On Liar Game, “Minority Game I,” Da-Jung continued playing in Liar Game, and she was told by Woo-Jin that he would no longer be helping her and that she should think of him as her enemy in the competition. However, no sooner than he had said this, Woo-Jin then asked Da-Jung to form a team with him. Da-Jung, of course, gladly acquiesced to his request.

The Bechdel, Russo, and Race Test

“Minority Game I” passed the race test but did not pass the Bechdel or Russo test.

All of the characters in “Minority Game I” were Asian, and White people were never mentioned by any of the cast so the episode passed the race test. The episode did not, however, pass the Bechdel test, because even though there were several named women in the episode who spoke to each other, they never talked to each other without mentioning men. “Minority Game I” also failed to pass the Russo test, and the episode did not pass this test because there were no LGBTI characters in the episode.

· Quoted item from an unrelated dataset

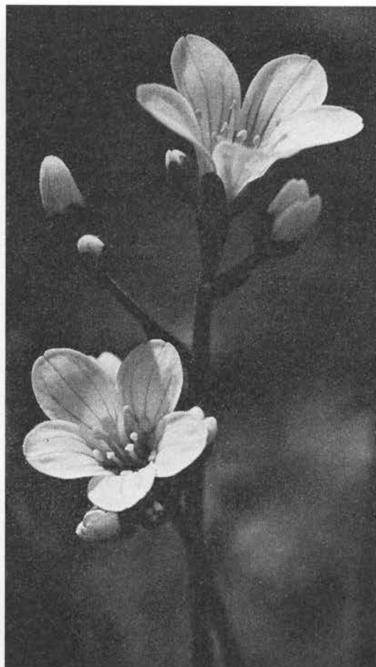
Blomstrende stenbræk. (EH).

Navnet stenbræk kendes fra o. 1450 og skyldes (ligesom det botaniske slægtsnavn) en tidligere anvendelse mod blære- og nyresten (s. 42), yngleknopperne ligner sten og planten gror mellem sten, i mursprækker etc., som den tilsyneladende har sprængt, sml. stenurt s. 34. Stenpikke o. 1700, pikke = lille spids stenham-

*The Bechdel test entails three requirements:
1. It has to have at least two (named) women in it
2. Who talk to each other
3. About something besides a man

**The Vito Russo test entails three requirements:
1. The show contains a character that is identifiably lesbian, gay, bisexual, intersex and/or transgender
2. The character must not be solely or predominately defined by her sexual orientation, gender identity and/or as being intersex
3.The character must be tied into the plot in such a way that her removal would have a significant effect

***The race or people of color (POC) test has three requirements:
1. It has two people of color in it
2. Who talk to each other
3. About something other than a White person

****Just because a show passes the Bechdel, Russo and race test does not mean that it is not sexist, heterosexist, racist and/or cissexist, etc. The Bechdel, Russo and race test is only a bare minimum qualifier for the representation of LGBTI individuals, women and people of color in television. The failure to pass these tests also does not identify whether the central character was a woman, a person of color or a LGBTQI individual and it does not dictate the quality of the show.